To support the above speculation, shift-workers were reported to be at risk of reproductive disorders such as irregular menses, endometriosis, infertility, miscarriage, low birth weight or preterm delivery, and reduced incidence of breastfeeding (30, 31). It should be noted that food intake is another important stimulator that can reset the central circadian rhythm in the brain and peripheral clocks in the digestive organs (23, 32). Actually, shift work is associated with increased risks of obesity, diabetes, and cardiovascular diseases as a result of unusual eating time and disruption of the circadian rhythm (33). Although the day and night are reversed in shift-workers, the timing of food intake is synchronous with their active behaviors. In contrast, the phase of food intake dose not coincide with active behaviors in skipping breakfast and our animal experiments. Consequently, the constant asynchrony between light stimulation and food intake during active behaviors may chronically affect the central and/or peripheral clock systems.
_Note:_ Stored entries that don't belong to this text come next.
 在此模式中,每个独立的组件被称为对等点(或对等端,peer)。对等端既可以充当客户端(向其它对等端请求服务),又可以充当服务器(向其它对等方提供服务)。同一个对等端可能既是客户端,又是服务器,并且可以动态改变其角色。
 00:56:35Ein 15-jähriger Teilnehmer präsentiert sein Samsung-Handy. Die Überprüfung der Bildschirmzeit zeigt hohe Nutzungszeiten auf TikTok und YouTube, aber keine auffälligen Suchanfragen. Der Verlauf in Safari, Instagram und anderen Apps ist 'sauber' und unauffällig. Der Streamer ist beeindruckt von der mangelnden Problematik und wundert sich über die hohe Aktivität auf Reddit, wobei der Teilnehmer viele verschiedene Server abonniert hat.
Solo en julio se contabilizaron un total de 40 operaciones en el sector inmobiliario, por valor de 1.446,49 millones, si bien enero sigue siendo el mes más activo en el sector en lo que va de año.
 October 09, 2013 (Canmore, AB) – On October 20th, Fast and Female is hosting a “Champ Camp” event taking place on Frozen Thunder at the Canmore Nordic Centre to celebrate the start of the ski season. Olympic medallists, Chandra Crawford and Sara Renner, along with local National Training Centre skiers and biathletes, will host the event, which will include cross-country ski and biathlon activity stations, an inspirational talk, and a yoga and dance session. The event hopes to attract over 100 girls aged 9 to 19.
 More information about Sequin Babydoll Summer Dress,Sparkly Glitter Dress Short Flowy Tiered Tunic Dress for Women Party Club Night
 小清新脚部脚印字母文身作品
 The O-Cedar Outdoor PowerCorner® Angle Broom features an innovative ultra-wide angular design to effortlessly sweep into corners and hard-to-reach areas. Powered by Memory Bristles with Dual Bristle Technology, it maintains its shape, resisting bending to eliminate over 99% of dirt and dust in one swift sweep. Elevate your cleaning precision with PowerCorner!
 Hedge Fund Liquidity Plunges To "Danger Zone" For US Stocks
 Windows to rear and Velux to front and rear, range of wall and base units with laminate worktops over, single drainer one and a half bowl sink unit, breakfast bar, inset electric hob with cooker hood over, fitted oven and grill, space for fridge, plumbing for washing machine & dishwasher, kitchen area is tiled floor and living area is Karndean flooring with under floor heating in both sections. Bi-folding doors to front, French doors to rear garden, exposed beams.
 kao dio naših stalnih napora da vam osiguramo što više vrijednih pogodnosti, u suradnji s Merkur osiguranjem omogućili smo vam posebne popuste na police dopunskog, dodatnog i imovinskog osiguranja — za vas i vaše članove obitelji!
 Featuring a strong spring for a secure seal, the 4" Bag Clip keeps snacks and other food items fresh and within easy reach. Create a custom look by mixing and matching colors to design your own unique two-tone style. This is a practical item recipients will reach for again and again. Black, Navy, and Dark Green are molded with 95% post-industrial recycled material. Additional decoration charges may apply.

In this study, the reduction in ovulatory frequency was continuously manifested even in the second half of the dietary restriction period in the daytime-fed group (Table 1), suggesting that daytime-feeding is a constant stress on the hypothalamic–pituitary–ovarian axis. On the other hand, although there was no difference in the total frequency of ovulation between the control I and night-time-fed groups, ovulation increased from early to late period in the night-time-fed group (Table 1), suggesting the recovery from the initial stress of dietary restriction in the night-time-fed group. Furthermore, this group showed no change in estrus cyclicity despite a considerable reduction in calorie intake (Figure 4C), demonstrating a marked difference between the daytime-fed and night-time-fed groups. It may be because food intake during the night-time only is compatible with the normal behavior of rats, which are active at night in the natural world.
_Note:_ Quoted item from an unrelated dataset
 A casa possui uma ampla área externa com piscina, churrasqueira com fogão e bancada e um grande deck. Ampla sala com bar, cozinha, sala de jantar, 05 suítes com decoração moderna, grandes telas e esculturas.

Importantly, this study also demonstrates apparent differences in the amount of food intake between the daytime- and night-time-fed groups, with a >20% reduction in food intake in the daytime-fed group as compared with the control group I. This reduction was considered to interfere with physiological growth during the postadolescent stage and resulted in a significant reduction in body weight gain. Because appetite loss during adolescent and postadolescent phases is physiopathologically important in young women (34, 35), the precise relations among appetite loss, reproductive dysfunction, and clock gene systems should be clarified from a comprehensive perspective in the future.

Conclusions

This study demonstrated that the frequency of ovulation and number of ovulating follicles declined in the daytime-fed young female rats, indicating that the difference in timing of food intake during the active or nonactive phase is a crucial factor that influences the female reproductive function during the postadolescent stage in rats. To our knowledge, this is the first study to experimentally confirm the adverse effect of feeding at an unusual time during the circadian cycle on the female reproductive function during the estrus cycle. Although we should not apply these findings directly to humans, this model can provide valuable information to clarify the mechanisms explaining why female young students who skip breakfast show reproductive dysfunction. Because the constant conflict of light stimulation and food intake during the active phase may chronically affect circadian rhythms, the differences between daytime- and night-time-fed groups should be analyzed from the perspective of clock gene systems using conditional gene-deleted mice (36, 37). This study also suggests that feeding at an unusual time induces appetite loss in postadolescent female rats. Recently, factors inducing chronic environmental circadian disruption have become social targets to prevent adverse health outcomes (20, 38). In this regard, the adverse influence of dietary habits during the postadolescent phase on the future fertility and appetite-related adult diseases is also a critical issue that should be elucidated.